About 600,000 people work in the health and medical insurance industry in the United States, according to market research firm IBIS World. Under Medicare-for-All, these people and many others would likely lose their jobs, since private insurance would be abolished.
Sen. Elizabeth Warren (D-MA), who recently released her dubious plan to fund Medicare-for-All, was recently asked what would happen to the hundreds of thousands of people who would lose their jobs under her single-payer health care plan.
“No one gets left behind,” Warren responded. “Some of the people currently working in health insurance will work in other parts of insurance. In life insurance, in auto insurance, in car insurance. Some will work for Medicaid.”
“And there is a five-year transition support for everyone,” she continued. “Because, what this is about is how we strengthen America’s middle class and how we make sure, in transitions, no one gets left behind. It’s right there in the plan and it’s fully paid for.”
Q: Where do those who work in health insurance go when private insurance is eliminated?
Sen. Warren: “No one gets left behind. Some of the people currently working in health insurance will work in other parts of insurance. In life insurance, in auto insurance, in car insurance.” pic.twitter.com/KGJ4Eg9VKR
— The Hill (@thehill) November 2, 2019
This sounds an awful lot like Warren is claiming ‘If you like your job, you can keep your job.” It also sounds like the much criticized “learn to code,” a skill journalists suggested displaced coal workers learn but then claimed the phrase was harmful when suggested back to them.
It is not so easy, even with the five-year transition plan to move one entire industry (health insurance) into another (car or life insurance). There are not 600,000-plus job openings in the other insurance industries to accommodate those people, and that’s not even factoring in where the jobs might be if they were available. We’re talking about thousands upon thousands of people potentially needing to move in order to transition into another type of insurance. That’s a ton of people whose lives will be uprooted due to Warren’s plan.
Luckily, the probability of Warren actually getting her Medicare-for-All plan passed is close to zero. She has claimed that her plan won’t raise taxes on the middle class, which is impossible and something her rival, Sen.

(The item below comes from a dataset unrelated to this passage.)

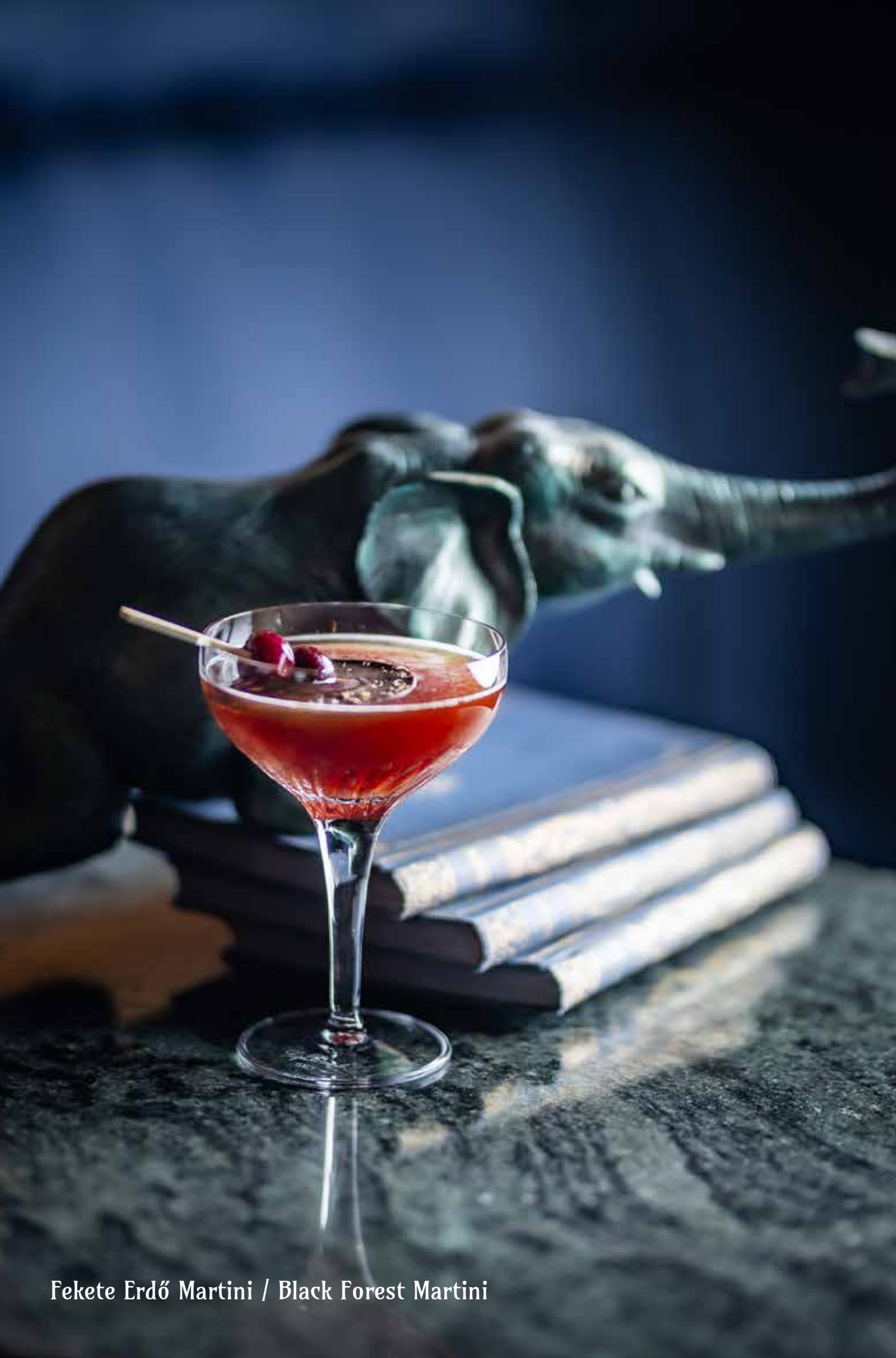
Fekete Erdő Martini / Black Forest Martini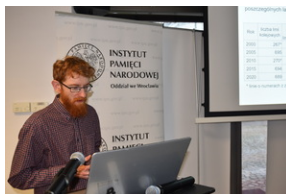
O historycznych i współczesnych relacjach między koleją a przemysłem, Wrocław - 7 grudnia 2022

Bernie Sanders (I-VT) has admitted would be necessary. Warren’s plan to fund her single-payer proposal hinges in part on immigration reform, something Presidents Donald Trump Barack Obama, and George W. Bush could not achieve.
Her funding plan would also end up costing the middle class, as the numerous taxes she plans to place on employers would inevitably be passed on to employees.
Warren also relies on phantom funding to raise $2.3 trillion toward paying the $52 trillion price tag on Medicare-for-All. She claims she can raise $2.3 trillion from better IRS enforcement, yet the Congressional Budget Office has previously stated improved enforcement would only bring in a net $35 billion.
Warren had admitted previously that her health care plan could cost upwards of 2 million jobs, but dismissed those losses by discussing health care costs.
“I think this is part of the cost issue and should be part of a cost plan,” she said at a recent forum in New Hampshire. “Although I do recognize on this what we’re talking about, and that is in effect how much of our health care dollars have not gone to health care, how many of those dollars have been pulled out in other directions.”